ACTIVITY:
Please restate each entry that appears below word for word, without its pictures.

SUPPLIED RECORDS:
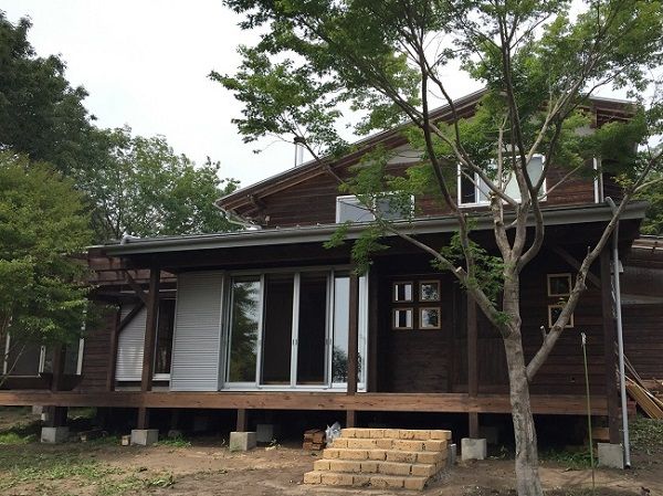十数年前に新築させて頂いた「つくりすぎない家」から、オーナーさんが変わり、建物の南側一杯にテラスとお部屋の増築を依頼され、大胆に広々としたテラス付きの増築工事でした。
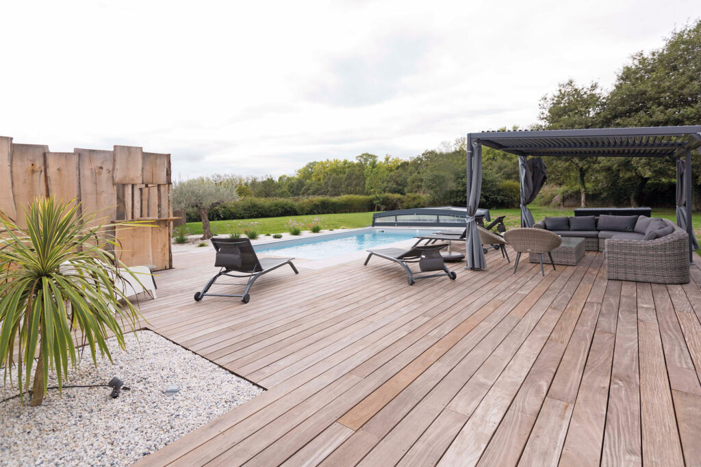 Enfin le bois naturel, présent en terrasse, fait le lien avec les essences présentes au jardin.
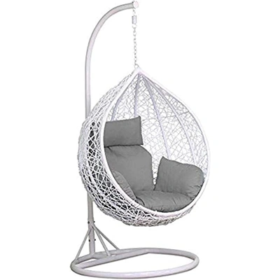 كرسي مرجيحة هزاز من الراتان - ابيض /رمادي
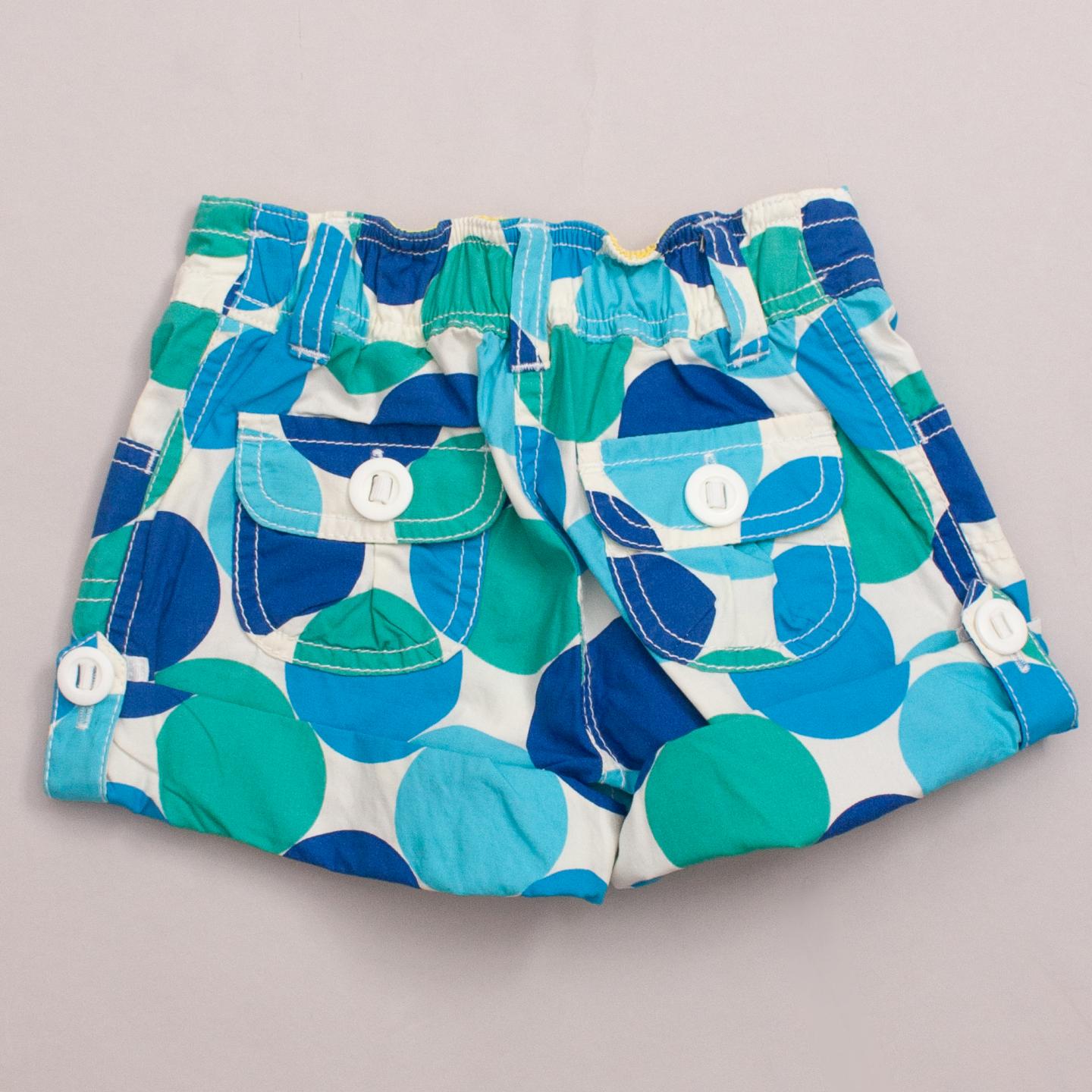Mini Boden blue and teal polka dot patterned shorts with rolled cuffs, front and back pockets, belt loops and elastic waistband with drawstring - 100% Cotton
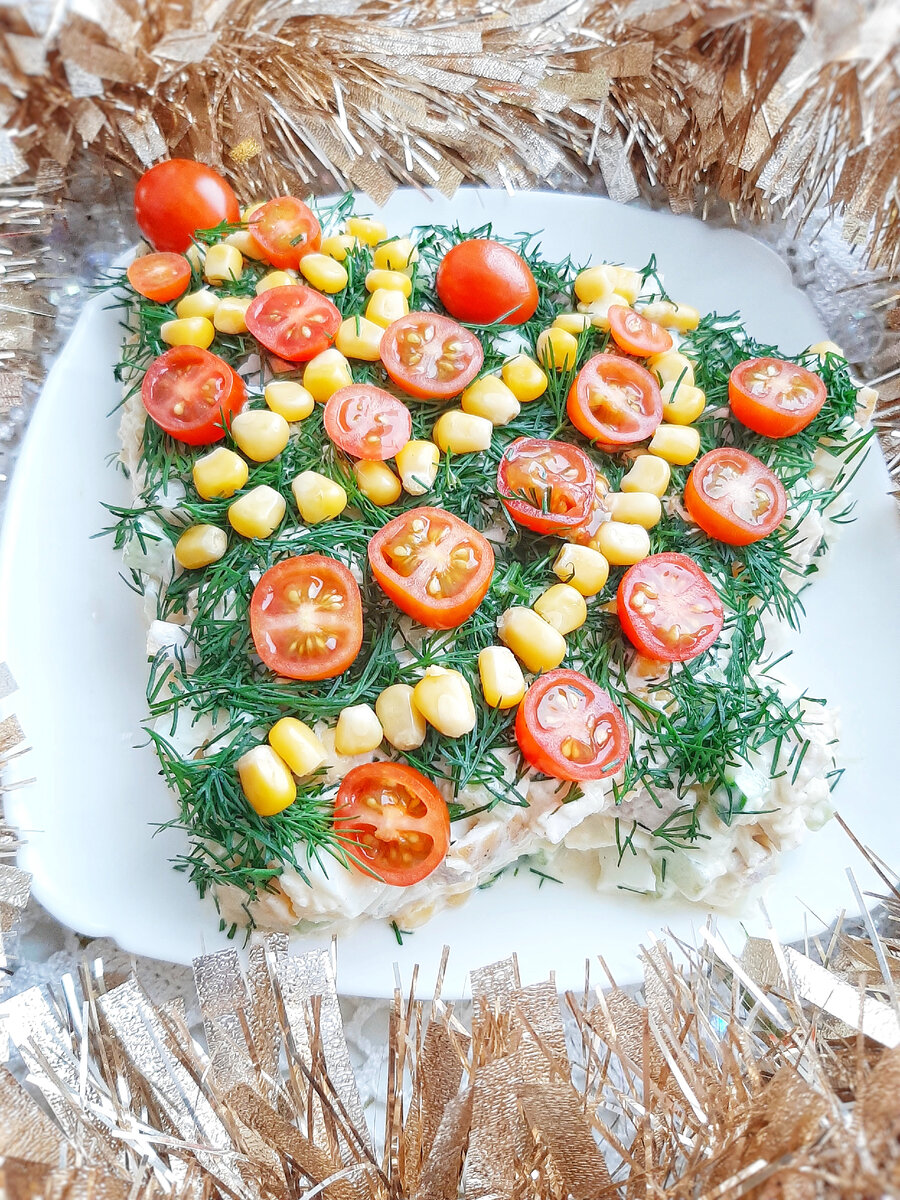 Этот нарядный новогодний салат прекрасно подойдёт к оформлению праздничного стола. Рецепт приготовления прост и не доставит лишних хлопот. 🎄КБЖУ на 100 г.: 137 ккал 8.7/9/5.3 Выход: 710 г. 🎄Ингредиенты: Ветчина - 150 г., (у меня из курицы 130 ккал). Яйцо куриное - 2 шт. Сыр лёгкий - 70 г., у меня "Natura" 260 ккал. Огурец свежий - 100 г. Кукуруза консервированная - 100 г. ▫️Для пп майонеза: Сметана 10% - 150 г. Горчица дижонская - 10 г. Масло растительное нерафинированное - 10 г. Сироп топинамбура или мёд - 1 ч.л. Яблочный уксус - 1 ч.л. Зира - 1/2 ч.л. Кориандр - 1/2 ч.л. Соль и перец по вкусу. ▫️Для украшения: Укроп. Помидоры черри - пара штучек. Консервированная кукуруза. 🎄Приготовление: 1️⃣ Два яйца отвариваем, остужаем, чистим и нарезаем кубиками. 2️⃣ Сыр натираем на мелкой тёрке. 3️⃣ Ветчину нарезаем кубиками. 4️⃣ Огурчик чистим и нарезаем кубиками. 5️⃣ Для соуса смешиваем: 150 г. сметаны, по 10 г. масла и горчицы. По одной чайной ложке сиропа топинамбура или мёда и яблочного
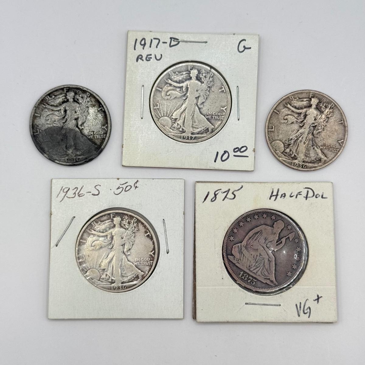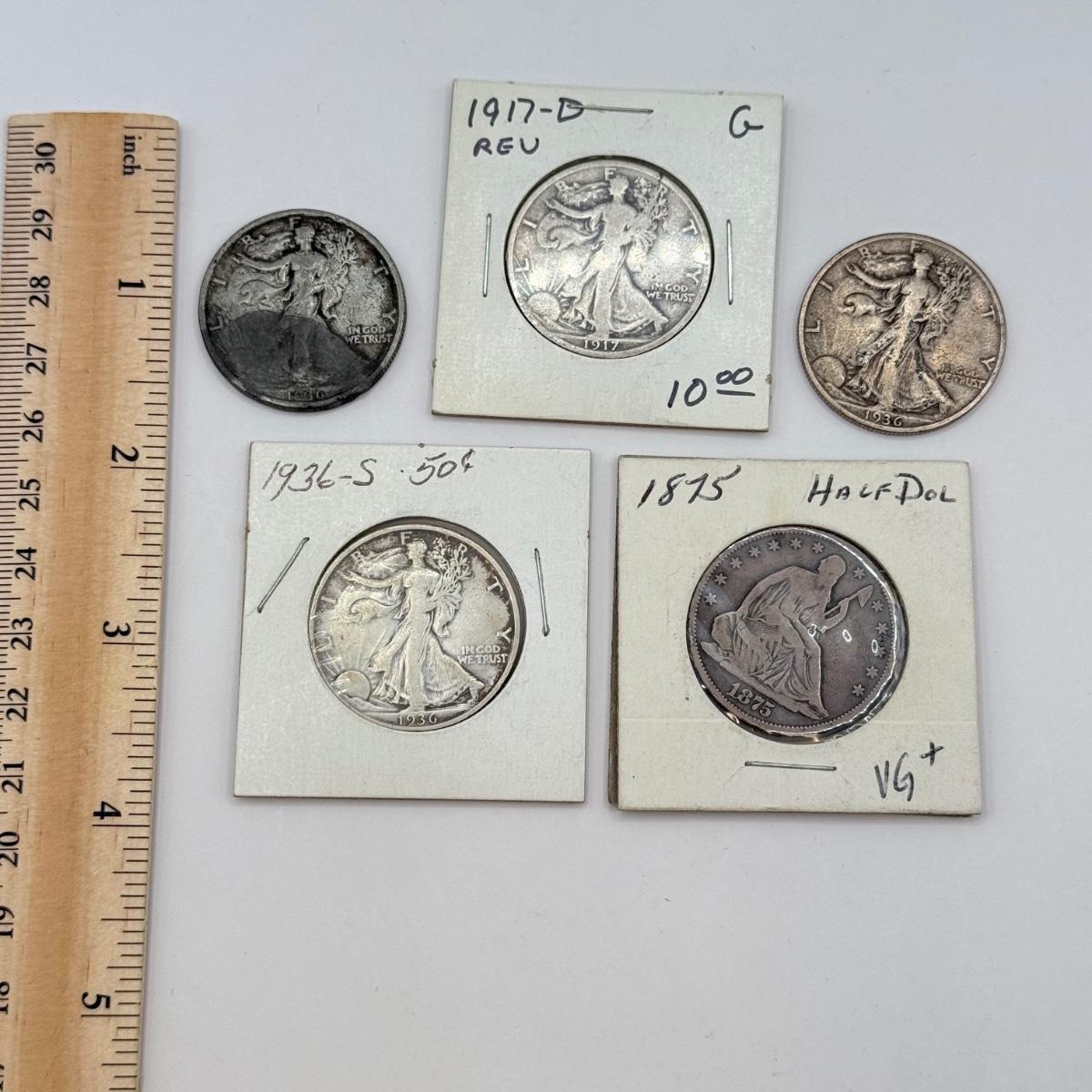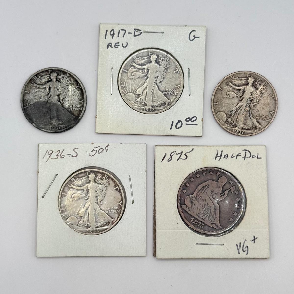 LOT 502J: US Seated Liberty Half Dollar Coins: 1936-S, 1917-D & 1875
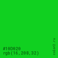 Цвет #10D020 в цветовой модели RGB обозначается тремя октетами (16, 208, 32) в десятичном формате и #10D020 в шестнадцатиричном (hex) формате, которые являются интенсивностью красного 16 (hex 10), интенсивность зелёного 208 (hex D0) и интенсивность синего 32 (hex 20).

PROBLEM SOLUTION:
十数年前に新築させて頂いた「つくりすぎない家」から、オーナーさんが変わり、建物の南側一杯にテラスとお部屋の増築を依頼され、大胆に広々としたテラス付きの増築工事でした。
 Enfin le bois naturel, présent en terrasse, fait le lien avec les essences présentes au jardin.
 كرسي مرجيحة هزاز من الراتان - ابيض /رمادي
Mini Boden blue and teal polka dot patterned shorts with rolled cuffs, front and back pockets, belt loops and elastic waistband with drawstring - 100% Cotton
 Этот нарядный новогодний салат прекрасно подойдёт к оформлению праздничного стола. Рецепт приготовления прост и не доставит лишних хлопот. 🎄КБЖУ на 100 г.: 137 ккал 8.7/9/5.3 Выход: 710 г. 🎄Ингредиенты: Ветчина - 150 г., (у меня из курицы 130 ккал). Яйцо куриное - 2 шт. Сыр лёгкий - 70 г., у меня "Natura" 260 ккал. Огурец свежий - 100 г. Кукуруза консервированная - 100 г. ▫️Для пп майонеза: Сметана 10% - 150 г. Горчица дижонская - 10 г. Масло растительное нерафинированное - 10 г. Сироп топинамбура или мёд - 1 ч.л. Яблочный уксус - 1 ч.л. Зира - 1/2 ч.л. Кориандр - 1/2 ч.л. Соль и перец по вкусу. ▫️Для украшения: Укроп. Помидоры черри - пара штучек. Консервированная кукуруза. 🎄Приготовление: 1️⃣ Два яйца отвариваем, остужаем, чистим и нарезаем кубиками. 2️⃣ Сыр натираем на мелкой тёрке. 3️⃣ Ветчину нарезаем кубиками. 4️⃣ Огурчик чистим и нарезаем кубиками. 5️⃣ Для соуса смешиваем: 150 г. сметаны, по 10 г. масла и горчицы. По одной чайной ложке сиропа топинамбура или мёда и яблочного
 LOT 502J: US Seated Liberty Half Dollar Coins: 1936-S, 1917-D & 1875
 Цвет #10D020 в цветовой модели RGB обозначается тремя октетами (16, 208, 32) в десятичном формате и #10D020 в шестнадцатиричном (hex) формате, которые являются интенсивностью красного 16 (hex 10), интенсивность зелёного 208 (hex D0) и интенсивность синего 32 (hex 20).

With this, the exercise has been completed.